By Ruby Love
March is almost upon us, and with it (hopefully) will come a little bit of sun and the campus will start exiting its sad grumpy state of hibernation. Come out of your caves, Greeners! Don’t be so sad! Sun or not, March also marks the beginning of new art exhibits around the Evergreen campus!
First off, if you haven’t seen Prison Obscura at Evergreen Gallery, or Selections from Captured Youth, at Galerie Fotoland (along the wall outside Photoland), you have until Mar. 2 to catch them!
If you don’t make it, though, don’t worry, there will be more art soon! Evergreen Gallery is going to be hosting a show celebrating the anniversary of Evergreen’s Longhouse, but they’ve been stingy with the details so far. All I can tell you is that it will be up sometime in March, and it’ll be a cool look at some Evergreen history. Look out for coverage of this exhibit closer to its opening date.
I do have details about a photography exhibit going up at Galerie Fotoland, though.The series, Women in the Trades, features portraits of Washington State women working in the trades, meaning they have amazingly badass jobs like ironworker, lineman, butcher, and heavy-equipment operator.

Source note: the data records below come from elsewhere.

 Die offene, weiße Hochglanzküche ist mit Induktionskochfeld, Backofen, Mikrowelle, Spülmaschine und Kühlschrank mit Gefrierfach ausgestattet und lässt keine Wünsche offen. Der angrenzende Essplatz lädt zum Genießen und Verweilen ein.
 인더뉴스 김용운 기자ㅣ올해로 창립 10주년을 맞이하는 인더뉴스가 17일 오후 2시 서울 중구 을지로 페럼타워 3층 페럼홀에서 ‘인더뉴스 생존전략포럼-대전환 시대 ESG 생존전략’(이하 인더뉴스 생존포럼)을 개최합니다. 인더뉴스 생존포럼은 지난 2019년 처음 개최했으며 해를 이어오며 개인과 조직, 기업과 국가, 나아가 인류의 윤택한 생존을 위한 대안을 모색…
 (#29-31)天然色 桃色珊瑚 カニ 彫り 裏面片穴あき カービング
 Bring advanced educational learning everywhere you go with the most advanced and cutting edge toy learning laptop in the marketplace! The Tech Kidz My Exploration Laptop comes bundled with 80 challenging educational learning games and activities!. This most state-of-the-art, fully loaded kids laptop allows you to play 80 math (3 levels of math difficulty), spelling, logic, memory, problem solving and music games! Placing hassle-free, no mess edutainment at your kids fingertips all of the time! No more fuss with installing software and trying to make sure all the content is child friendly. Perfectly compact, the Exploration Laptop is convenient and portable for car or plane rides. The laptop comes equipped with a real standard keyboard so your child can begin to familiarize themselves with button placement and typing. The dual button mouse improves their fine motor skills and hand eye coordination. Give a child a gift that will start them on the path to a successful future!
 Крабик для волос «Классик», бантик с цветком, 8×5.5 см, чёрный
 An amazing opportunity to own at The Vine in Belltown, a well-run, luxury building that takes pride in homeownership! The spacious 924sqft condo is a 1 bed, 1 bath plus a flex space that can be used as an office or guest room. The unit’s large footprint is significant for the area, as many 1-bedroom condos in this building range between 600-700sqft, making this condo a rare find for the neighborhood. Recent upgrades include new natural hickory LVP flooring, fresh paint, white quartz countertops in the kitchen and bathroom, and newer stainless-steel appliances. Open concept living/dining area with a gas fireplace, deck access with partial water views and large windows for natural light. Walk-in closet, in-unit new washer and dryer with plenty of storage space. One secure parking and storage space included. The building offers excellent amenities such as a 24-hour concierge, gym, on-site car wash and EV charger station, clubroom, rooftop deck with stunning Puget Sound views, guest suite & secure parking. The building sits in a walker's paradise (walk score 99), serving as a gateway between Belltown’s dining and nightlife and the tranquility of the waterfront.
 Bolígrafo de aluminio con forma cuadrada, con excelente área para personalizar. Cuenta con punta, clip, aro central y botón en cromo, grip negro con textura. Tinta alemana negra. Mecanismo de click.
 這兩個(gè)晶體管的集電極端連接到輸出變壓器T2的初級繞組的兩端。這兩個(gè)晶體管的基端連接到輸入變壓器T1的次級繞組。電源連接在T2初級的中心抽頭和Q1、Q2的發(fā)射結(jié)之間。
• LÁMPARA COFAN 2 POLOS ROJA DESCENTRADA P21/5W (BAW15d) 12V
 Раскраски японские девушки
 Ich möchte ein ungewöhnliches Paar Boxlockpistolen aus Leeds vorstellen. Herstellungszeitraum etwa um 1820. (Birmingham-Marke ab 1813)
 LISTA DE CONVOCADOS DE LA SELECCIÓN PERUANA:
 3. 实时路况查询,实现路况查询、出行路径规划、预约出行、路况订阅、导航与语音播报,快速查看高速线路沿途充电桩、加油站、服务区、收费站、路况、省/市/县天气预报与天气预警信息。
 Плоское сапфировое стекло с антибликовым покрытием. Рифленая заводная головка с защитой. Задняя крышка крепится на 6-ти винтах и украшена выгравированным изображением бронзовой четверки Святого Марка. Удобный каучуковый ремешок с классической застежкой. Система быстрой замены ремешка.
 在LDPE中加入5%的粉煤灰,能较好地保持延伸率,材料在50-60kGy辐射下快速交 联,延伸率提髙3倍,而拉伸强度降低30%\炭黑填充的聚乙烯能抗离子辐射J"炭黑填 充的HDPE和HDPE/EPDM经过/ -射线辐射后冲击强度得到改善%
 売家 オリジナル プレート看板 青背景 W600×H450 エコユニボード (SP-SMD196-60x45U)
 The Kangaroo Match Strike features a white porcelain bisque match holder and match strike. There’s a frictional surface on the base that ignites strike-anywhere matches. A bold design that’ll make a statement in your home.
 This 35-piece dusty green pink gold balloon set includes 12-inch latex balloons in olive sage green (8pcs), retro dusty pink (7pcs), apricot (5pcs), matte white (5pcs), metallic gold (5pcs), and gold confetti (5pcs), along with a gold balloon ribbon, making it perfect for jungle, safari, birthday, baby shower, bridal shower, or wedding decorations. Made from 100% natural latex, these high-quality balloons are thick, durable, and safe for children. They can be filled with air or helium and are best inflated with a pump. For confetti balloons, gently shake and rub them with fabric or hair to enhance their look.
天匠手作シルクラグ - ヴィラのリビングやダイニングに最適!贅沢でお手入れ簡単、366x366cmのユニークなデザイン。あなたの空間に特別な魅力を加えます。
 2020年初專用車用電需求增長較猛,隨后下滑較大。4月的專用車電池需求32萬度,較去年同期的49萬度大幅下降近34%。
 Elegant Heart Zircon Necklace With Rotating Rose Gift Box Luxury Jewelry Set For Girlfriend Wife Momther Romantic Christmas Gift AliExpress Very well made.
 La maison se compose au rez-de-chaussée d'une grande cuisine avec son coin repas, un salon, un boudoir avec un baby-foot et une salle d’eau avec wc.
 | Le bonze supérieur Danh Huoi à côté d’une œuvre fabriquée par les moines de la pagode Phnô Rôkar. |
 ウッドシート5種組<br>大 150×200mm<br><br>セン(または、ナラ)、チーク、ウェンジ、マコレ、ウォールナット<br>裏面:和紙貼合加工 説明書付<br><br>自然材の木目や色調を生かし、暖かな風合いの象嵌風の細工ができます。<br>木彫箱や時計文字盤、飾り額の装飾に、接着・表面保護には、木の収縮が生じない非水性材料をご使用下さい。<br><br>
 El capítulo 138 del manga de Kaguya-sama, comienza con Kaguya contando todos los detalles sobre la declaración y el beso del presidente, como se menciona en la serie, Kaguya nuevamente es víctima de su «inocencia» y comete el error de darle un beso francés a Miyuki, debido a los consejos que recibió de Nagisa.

Seattle Times photographer Bettina Hansen teamed up with writer Susan Kelleher to interview and photograph ten different women at their job sites. Hansen chose to use a four-by-five film camera in order to “slow the portrait process down and give it weight,” resulting in timeless, incredibly detailed images.
The process of shooting with a 4×5 camera requires a lot of skill and careful attention. The bulk and vintage feel of the camera confers respect onto the subject, as they are required to sit for a formal portrait. I could write all day about this amazing process, but the point is it results in some amazing images with a lot of love and hard work poured into them.
Each print is accompanied by a vignette written by Kelleher. These words give insight into each woman’s experiences in traditionally male-dominated spaces, emphasizing the empowerment they’ve found in their work. Many of the women remark on the tangible accomplishments they’ve made, and how these accomplishments give them a sense of purpose. Many went from minimum wage jobs and frustration with barely getting by or being dependent on spouses, to making a solidly middle class wage and having financial freedom, often for the first time in their lives.
One woman, a single mom, was able to put her two children through college and buy a home. Another remarked that she would, like her grandfather, be able to ride through Seattle and point to all of the buildings she’d helped construct.
You can see Women in the Trades Mar. 4 – Apr. 24. It’s on the wall outside Photoland, so it’s open whenever you can get into the Library!